8. Order of Business. (a) The Chairman, or such other officer of the Company designated by a
majority of the Whole Board, will call meetings of the stockholders to order and will act as
presiding officer thereof. Unless otherwise determined by the Board prior to the meeting, the
presiding officer of the meeting of the stockholders will also determine the order of business and
have the authority in his or her sole discretion to regulate the conduct of any such meeting,
including without limitation by imposing restrictions on the persons (other than stockholders of
the Company or their duly appointed proxies) who may attend any such stockholders meeting, by
ascertaining whether any stockholder or his proxy may be excluded from any meeting of the
stockholders based upon any determination by the presiding officer, in his sole discretion, that
any such person has unduly disrupted or is likely to disrupt the proceedings thereat, and by
determining the circumstances in which any person may make a statement or ask questions at any
meeting of the stockholders.
(b) At an annual meeting of the stockholders, only such business will be conducted or
considered as is properly brought before the meeting. To be properly brought before an annual
meeting, business must be (i) specified in the notice of meeting (or any supplement thereto) given
by or at the direction of the Board in accordance with By-Law 4, (ii) otherwise properly brought
before the meeting by the presiding officer or by or at the direction of a majority of the Whole
Board, or (iii) otherwise properly requested to be brought before the meeting by a stockholder of
the Company in accordance with By-Law 8(c).

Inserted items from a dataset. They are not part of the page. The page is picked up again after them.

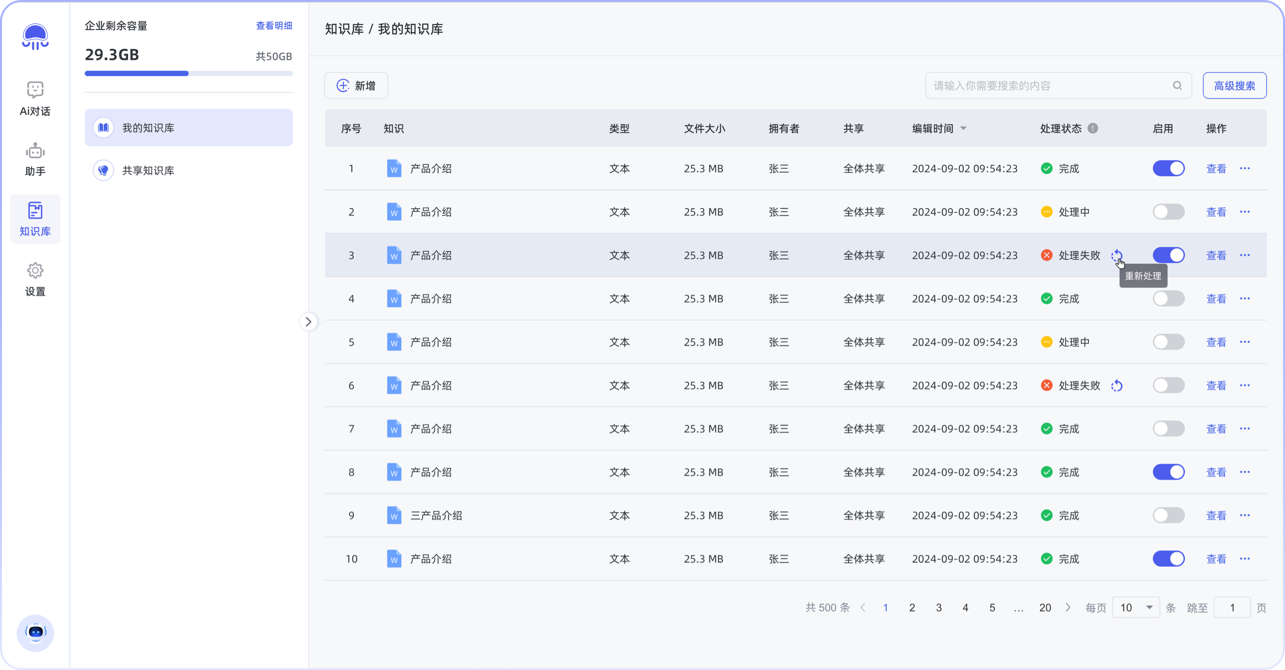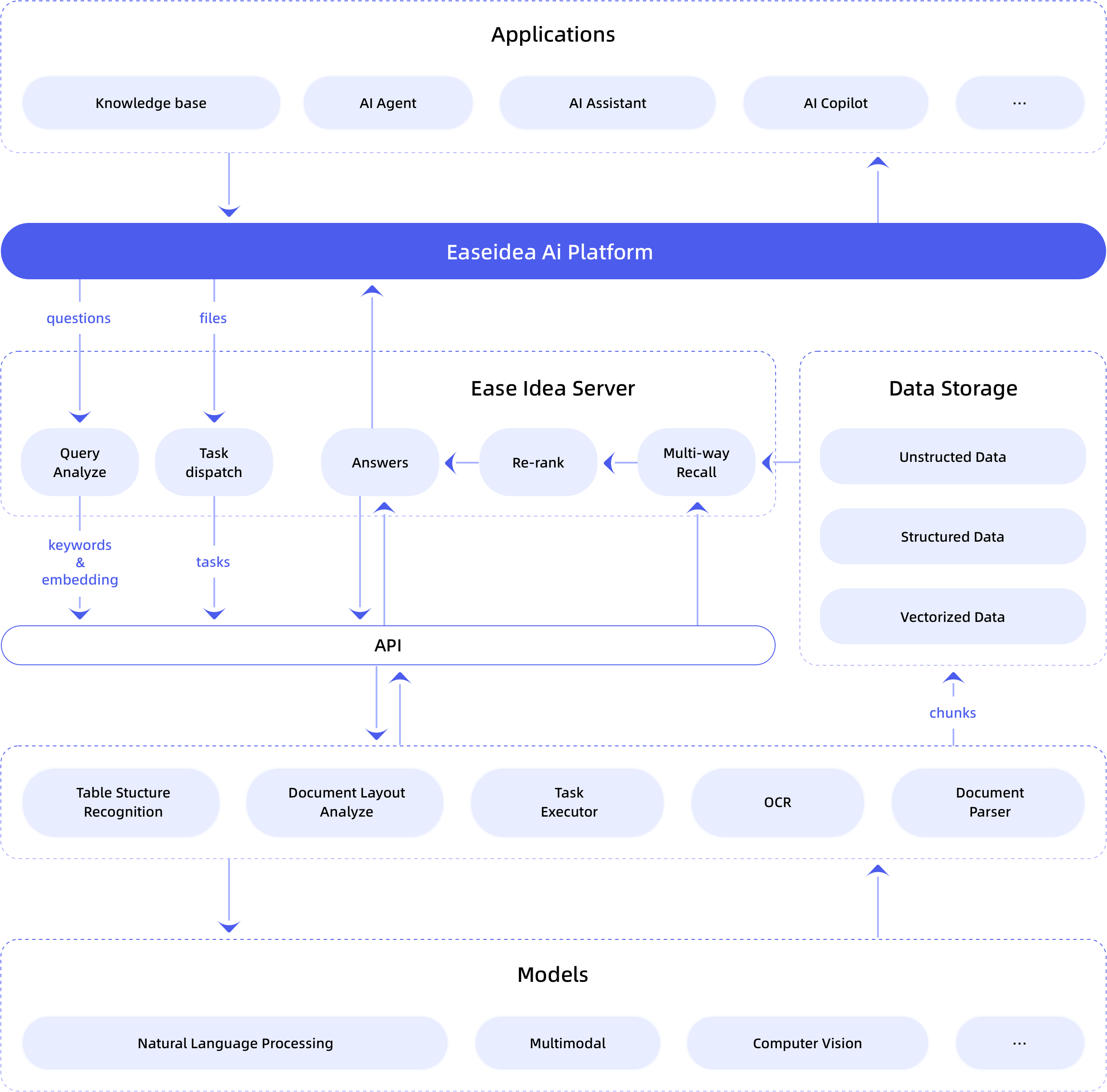 支持多种文件格式智能解析(包含PDF/Word/Excel/PPT/扫描件/音视频),通过多模态OCR与语义分割技术,实现非结构化数据到结构化知识的自动转化。配合版本化知识管理,确保企业知识库能够实时同步业务变化,解决“数据沉睡”的难题。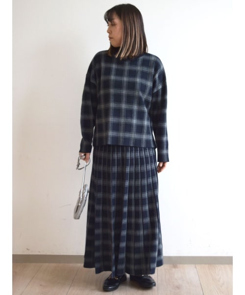 【HOLIDAY/こなれSETUP/洗える】チェック柄プリーツニットスカート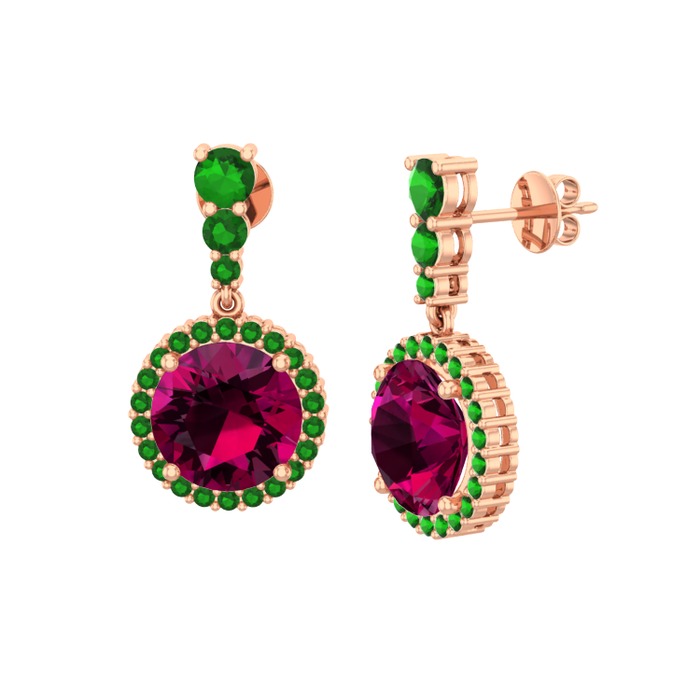 Rodolit garnet ve yeşil kuvars 8 ayar rose altın küpe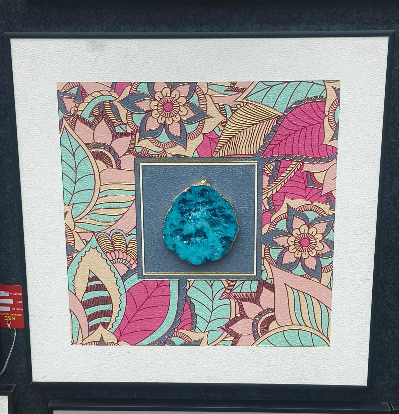 Turquoise Geode Stone 3D Wall Art Frame – Luxury Botanical Pattern Edition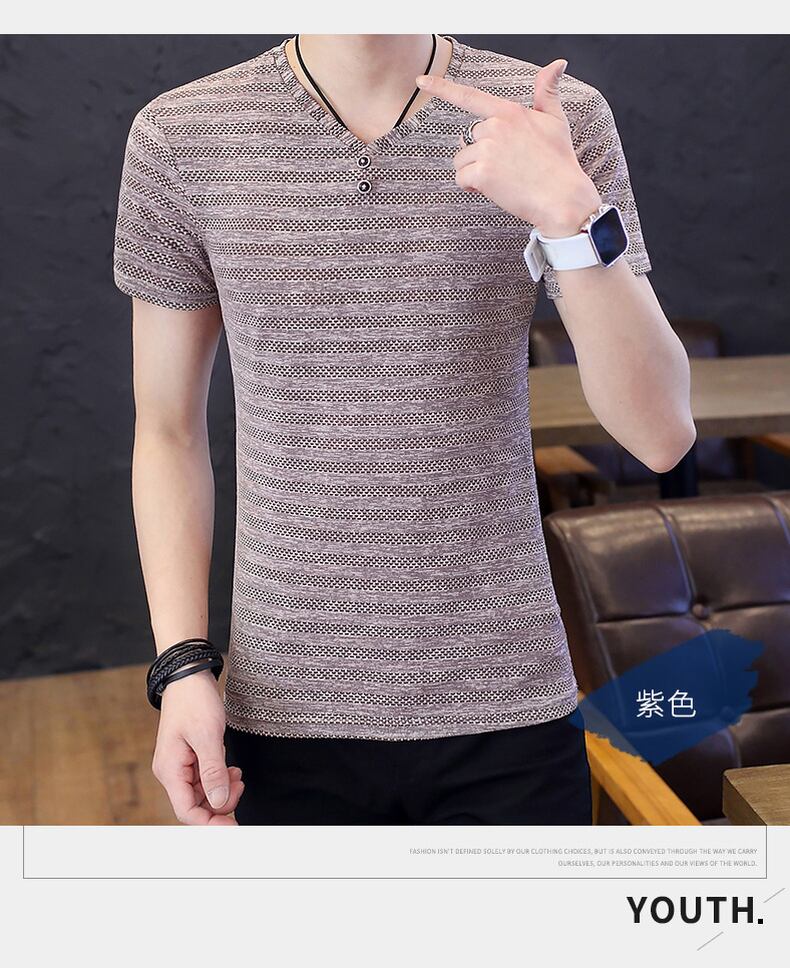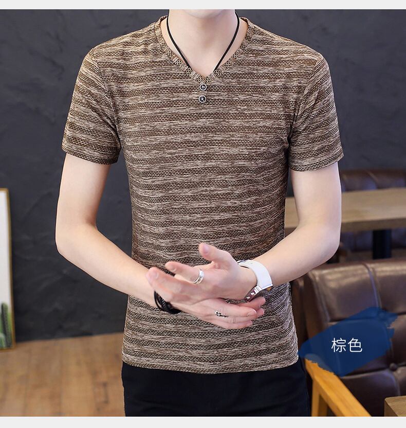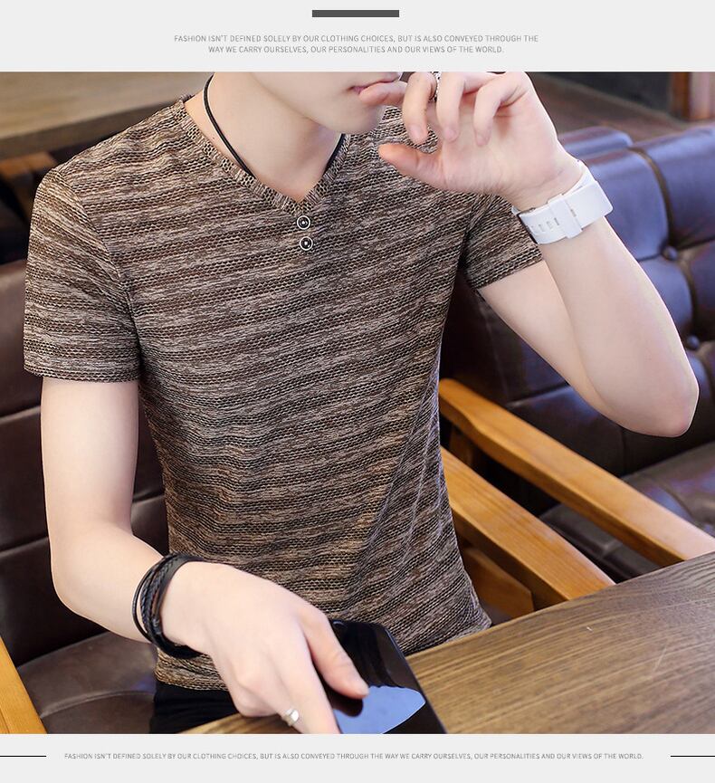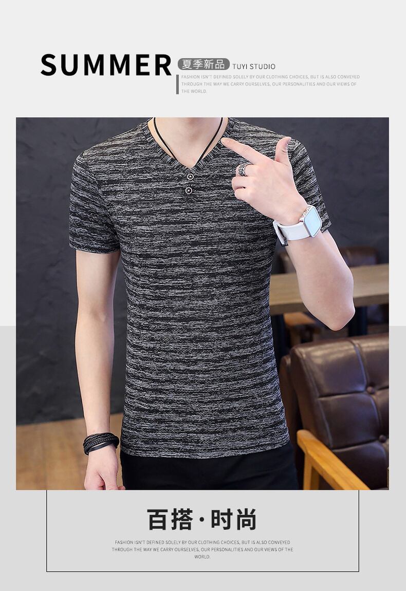 Summer ice silk t-shirt men's short-sleeved mulberry silk thin slim fit 2022 new trend high-end v-neck half-sleeve t-shirt サマー 夏物 Vネック スリム シルク Tシャツ doushi48152807362
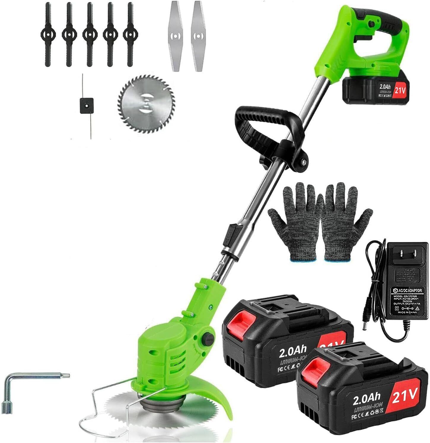 2025最新型 電動草刈り機 草刈り機 充電式草刈機 折りたたみ式 コードレス 21V 草刈機 バッテリー式 雑草取り器具 2000mAh大容量バッテリー 90°調整可能 替え刃4種類 バッテリー2個 軽量 枝切り 芝生 敷地 畑 雑草 植木 日本語説明書付き [並行輸入品]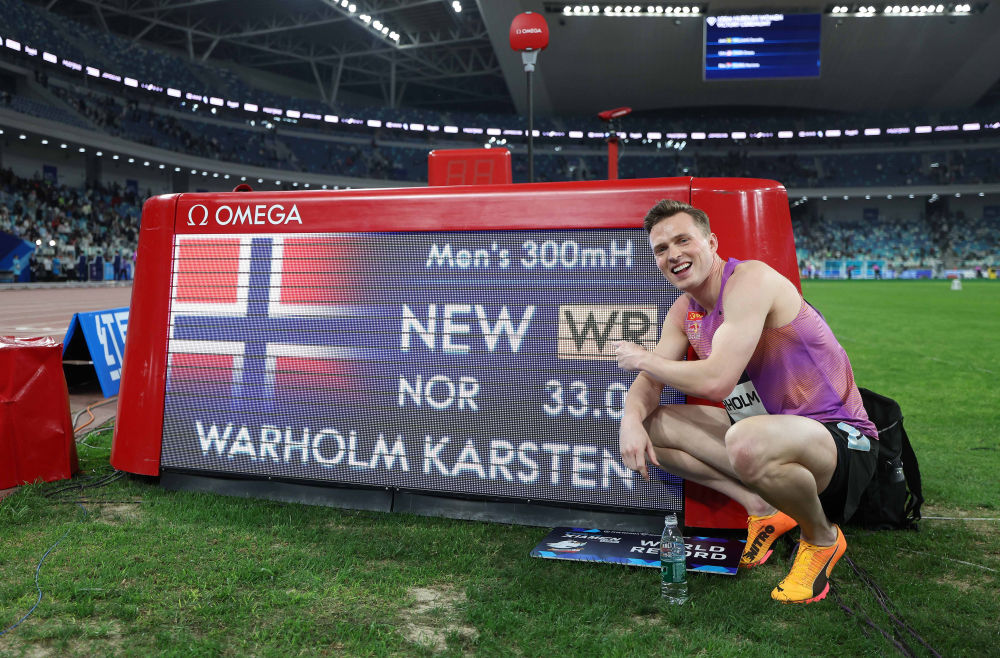 今年3月,世界田聯(lián)宣布300米欄為正式比賽項(xiàng)目并納入官方紀(jì)錄體系。在當(dāng)日廈門站比賽中,瓦霍爾姆一馬當(dāng)先,率先撞線,超越了2021年由他本人創(chuàng)造的男子300米欄世界最佳成績(33秒26)。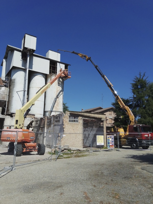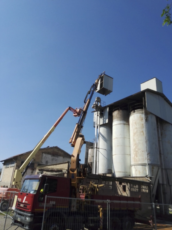 Sette i silos facenti parte dell’allevamento: con l’ausilio di gru e piattaforme, le nostre squadre hanno smantellato tutte le lamiere perimetrali e di copertura, poi si è proceduto con la rimozione delle cisterne vere e proprie.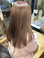 " milktea beige color " 1~2 bleach. 透明感たっぷりの柔らかいbeige.に。 クリーミーなベージュでまろやかなカラーにしました! 明るすぎず、暗すぎず調度いいバランスに◎ ハイトーン、ブリーチもお任せください!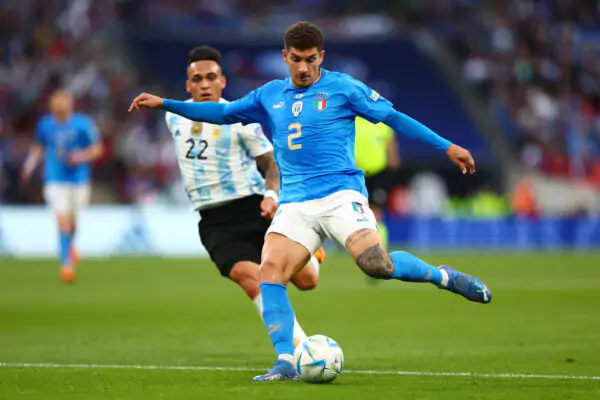 LONDON, ENGLAND - JUNE 01: Giovanni Di Lorenzo of Italy has a shot during the 2022 Finalissima match between Italy and Argentina at Wembley Stadium on June 01, 2022 in London, England. (Photo by Alex Pantling/Getty Images)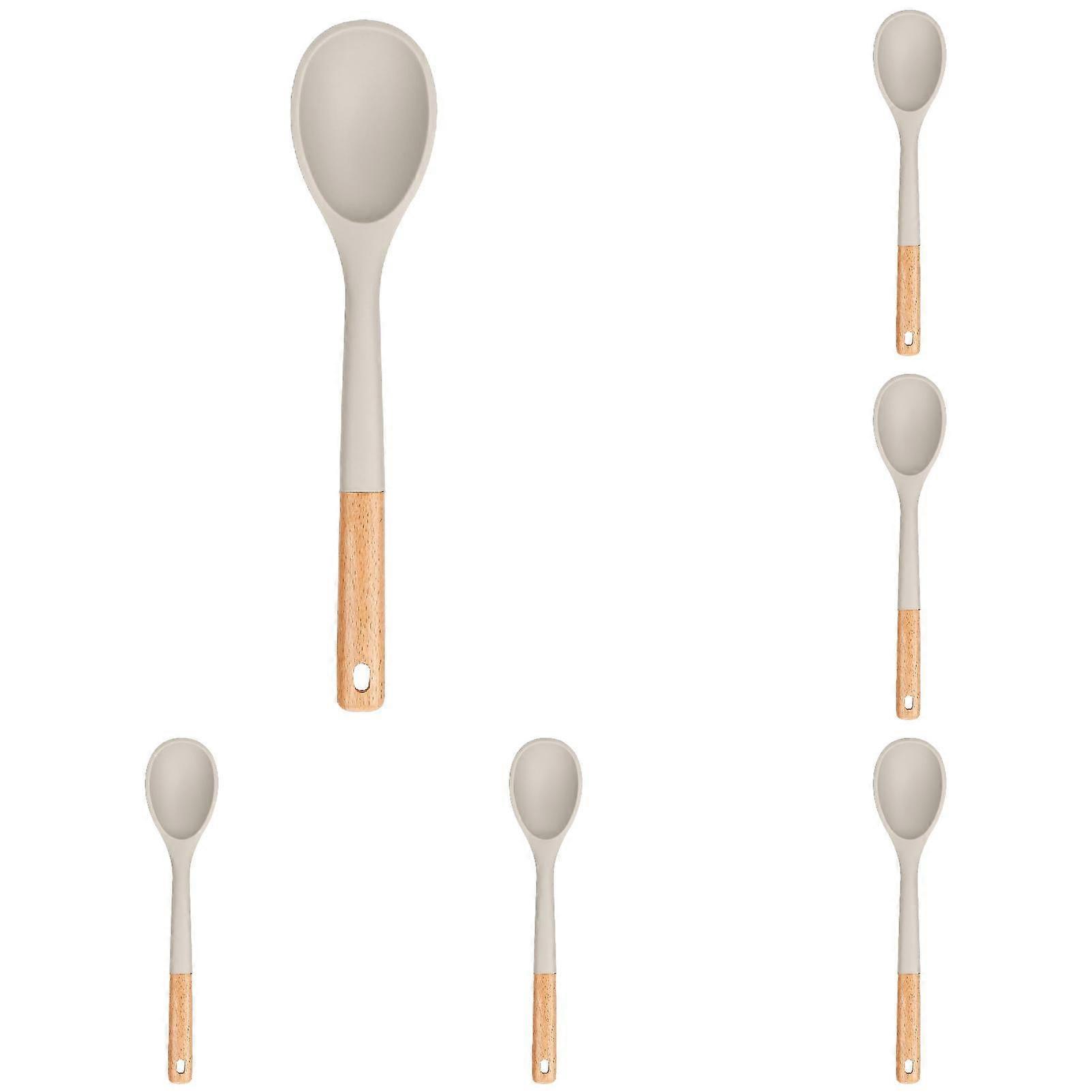 Large Silicone Cooking Spoon, Nonstick Solid Wooden Handle, Heat-Resistant, 13.2" – Compatible with All Cookware

(c) For business to be properly requested by a stockholder to be brought before an annual
meeting, the stockholder must (i) be a stockholder of the Company of record at the time of the
giving of the notice for such annual meeting provided for in these By-Laws, (ii) be entitled to
vote at such meeting, and (iii) have given timely notice thereof in writing to the Secretary. To
be timely, a stockholders notice must be delivered to or mailed and received at the principal
executive offices of the Company not less than 60 calendar days prior to the annual meeting;
provided, however, that in the event public announcement of the date of the annual
meeting is not made at least 75 calendar days prior to the date of the annual meeting, notice by
the stockholder to be timely must be so received not later than the close of business on the 10th
calendar day following the day on which public announcement is first made of the date of the annual
meeting. A stockholders notice to the Secretary must set forth as to each matter the stockholder
proposes to bring before the annual meeting (A) a description in reasonable detail of the business
desired to brought before the annual meeting and the reasons for conducting such business at the
annual meeting, (B) the name and address, as they appear on the Companys books, of the stockholder
proposing such business and the beneficial owner, if any, on whose behalf the proposal is made, (C)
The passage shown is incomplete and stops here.